Lab Exercise 6

Provided code: lab6.zip.

C-Style String Length

The strlen function in C calculates the length of a C string: a sequence of bytes that's terminated by a null byte ('\0'). Write an assembly function strlen_mine in lab6.S that does this: takes a pointer to a byte array and counts the number of bytes before getting to a null (zero) byte.

Remember that we're working with bytes here (not 64-bit values), and that if you have a memory address (pointer) in a register, you can follow the pointer to inspect that memory location by putting the register name in parenthesis. i.e. this is probably a useful comparison to make (adjusting the register name as you like):

cmpb $0, (%rdi)

The provided tests.c contains some tests of this and the next function. It #includes the data from test_strings.c as test cases. The test_strings.c does not need to be included on the command line:

gcc -Wall -Wpedantic -std=c17 -march=haswell -O3 tests.c lab6.S \
&& ./a.out

UTF-8 String Length

C strings are not typically treated like encoded Unicode characters, but they could be. Write an assembly function strlen_utf8 in lab6.S that calculates the number of Unicode characters in a byte array, treating it as UTF-8-encoded text.

This will be similar to the previous question, except you should not count bytes that are UTF-8 continuation bytes: any byte in the form 10xxxxxx is a continuation byte. You will need to extract those specific bits from each byte to see if they are the "right" value for a continuation byte.

If you want to examine specific bits of an integer, you can construct a value to bitwise-AND with to keep exactly the bits you care about. In this case, 11000000:

  0bxxyyyyyy
& 0b11000000
= 0bxx000000

And then make a comparison for equality.

UTF-8 Characters

Write a C function (yes, we're drifting back toward C) decode_utf8 in utf8.c that takes a pointer to a byte array (i.e. a char*), decodes the UTF-8 encoded text (until finding the null byte marking the end of the string) to character numbers (i.e. the character 'a' is 97).

For each Unicode character in the string, call the provided report_character with the Unicode character number and the number of bytes it took to express it in UTF-8. So, finding a 'ç' (character number 231, encoded as two bytes) should cause the equivalent of:

report_character(231, 2);

Extracting the UTF-8 character data will require inspecting the first byte of each character to see which row of the encoding table it's in, then looking at the next 0–3 bytes, extracting the bits you need (the ones marked "x" in the table), and turning them into a 32-bit integer (because that's the argument to report_character).

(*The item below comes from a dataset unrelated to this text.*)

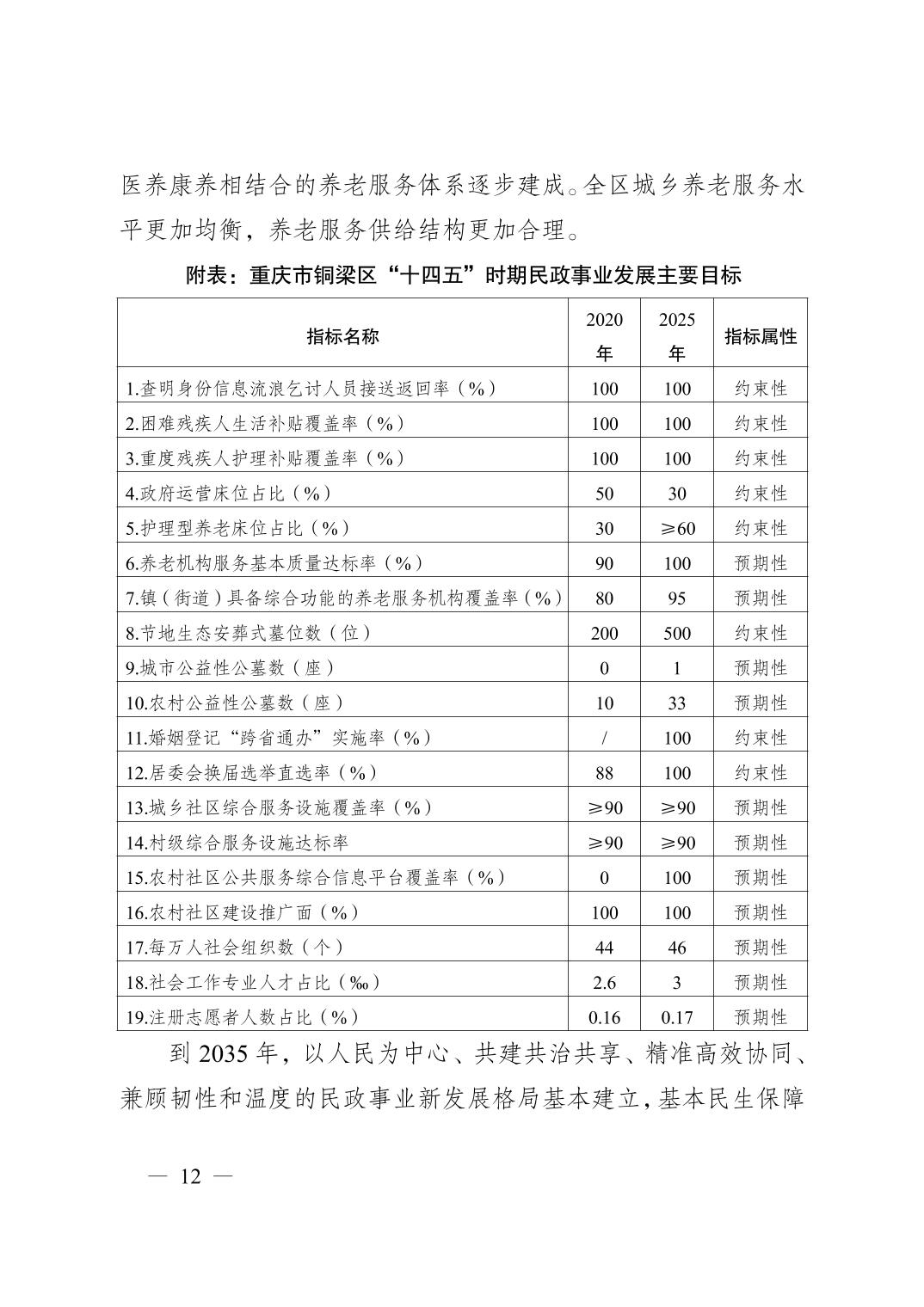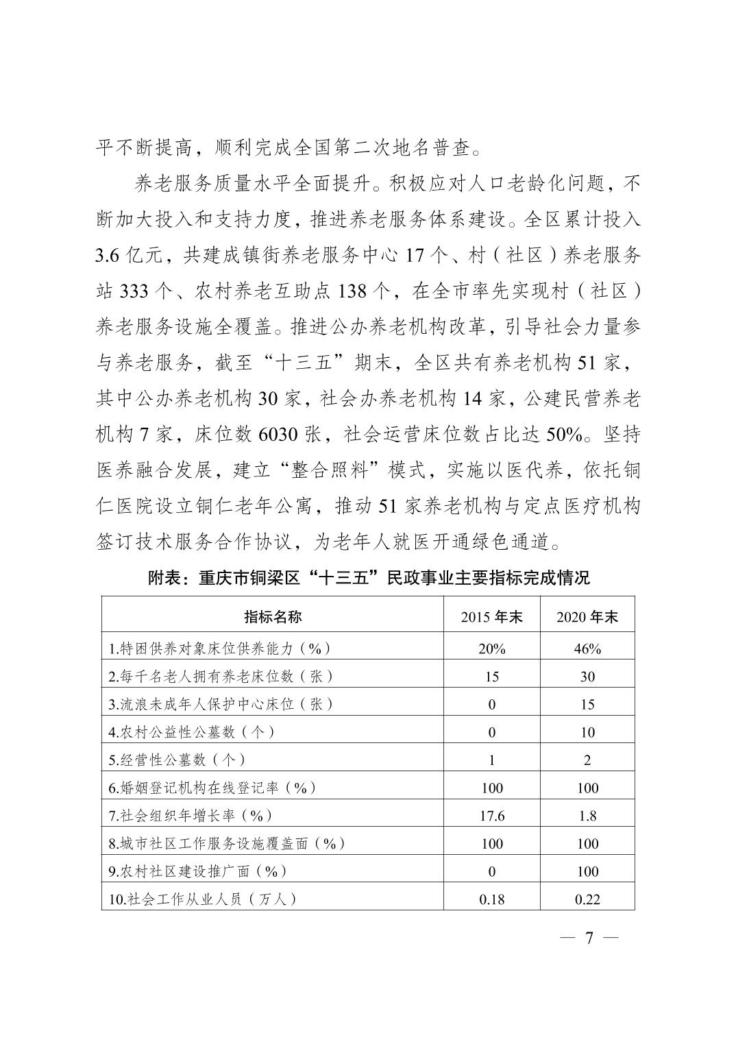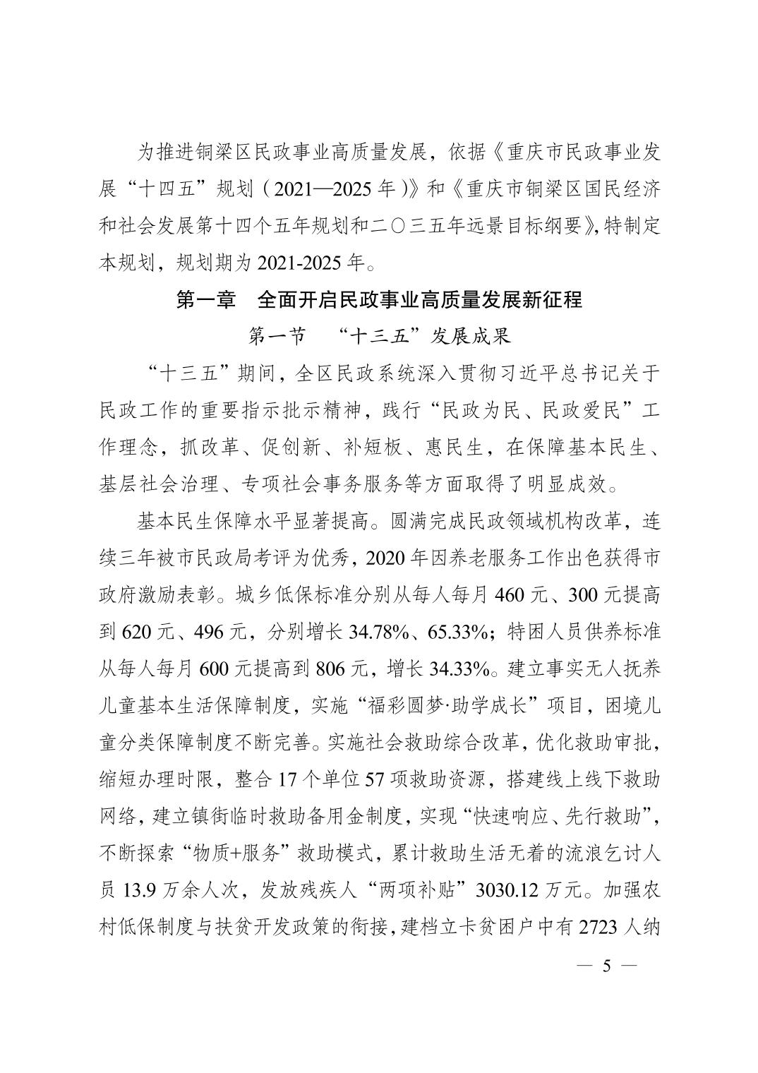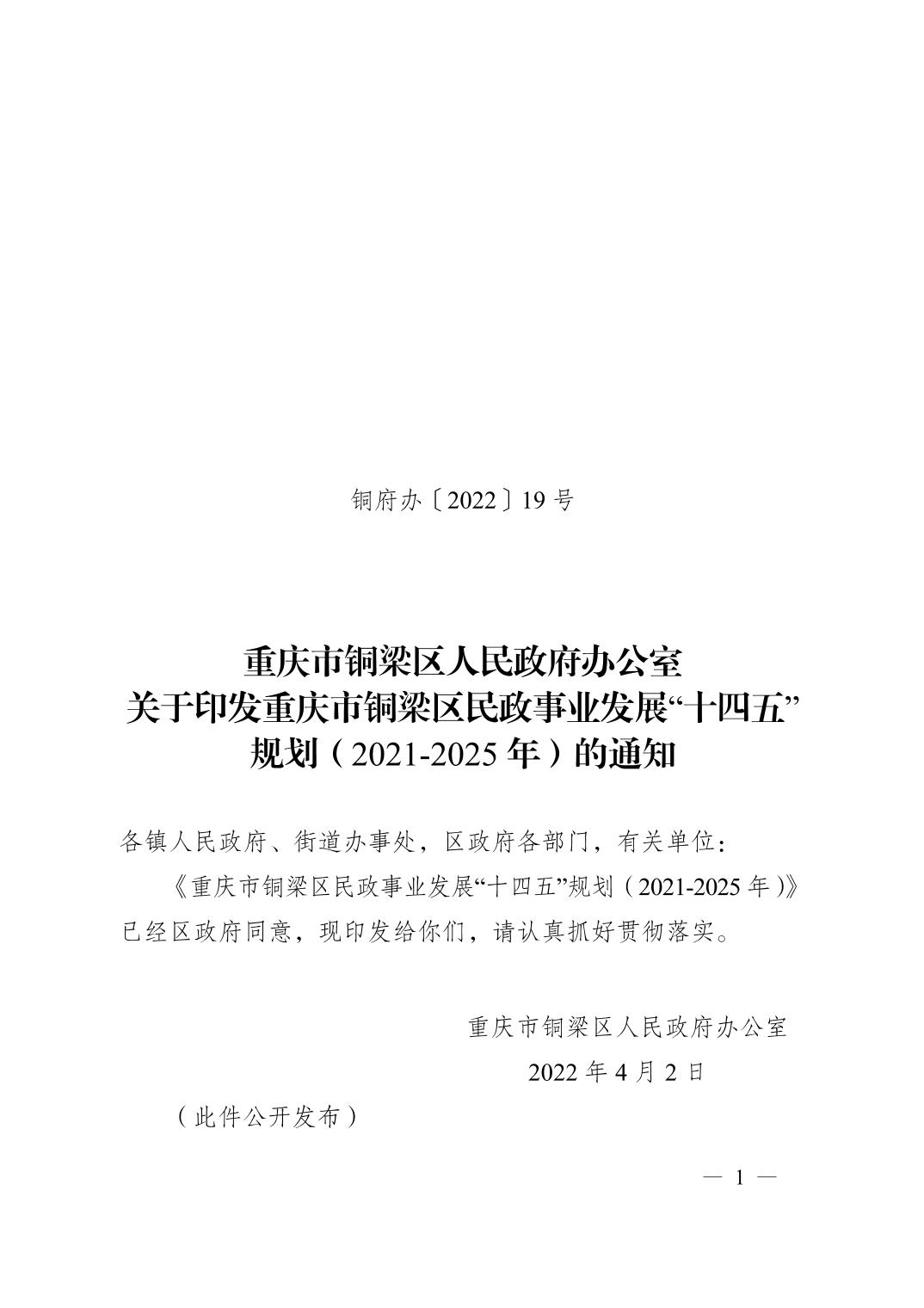重庆市铜梁区人民政府办公室关于印发重庆市铜梁区民政事业发展“十四五”规划(2021-2025年)的通知

Combining the bits you need out of each byte will likely be a combination of bitwise-AND (&) to get the bits you want, shifting (<< or >>) to move them to the right position, and bitwise-OR (|) to combine.

The provided possible-template.c could be used as a basis for your utf8.c if you like (and you certainly free to modify as you like). It will at least run and let you work incrementally from incorrect to correct results.

The provided utf8-test.c will call your decode_utf8 on several strings and produce HTML output of the results. It also uses data from test_strings.c as tests cases.

You can assume valid UTF-8 encoded text (e.g. after a 110xxxxx byte, there will be exactly one continuation byte before the next character starts).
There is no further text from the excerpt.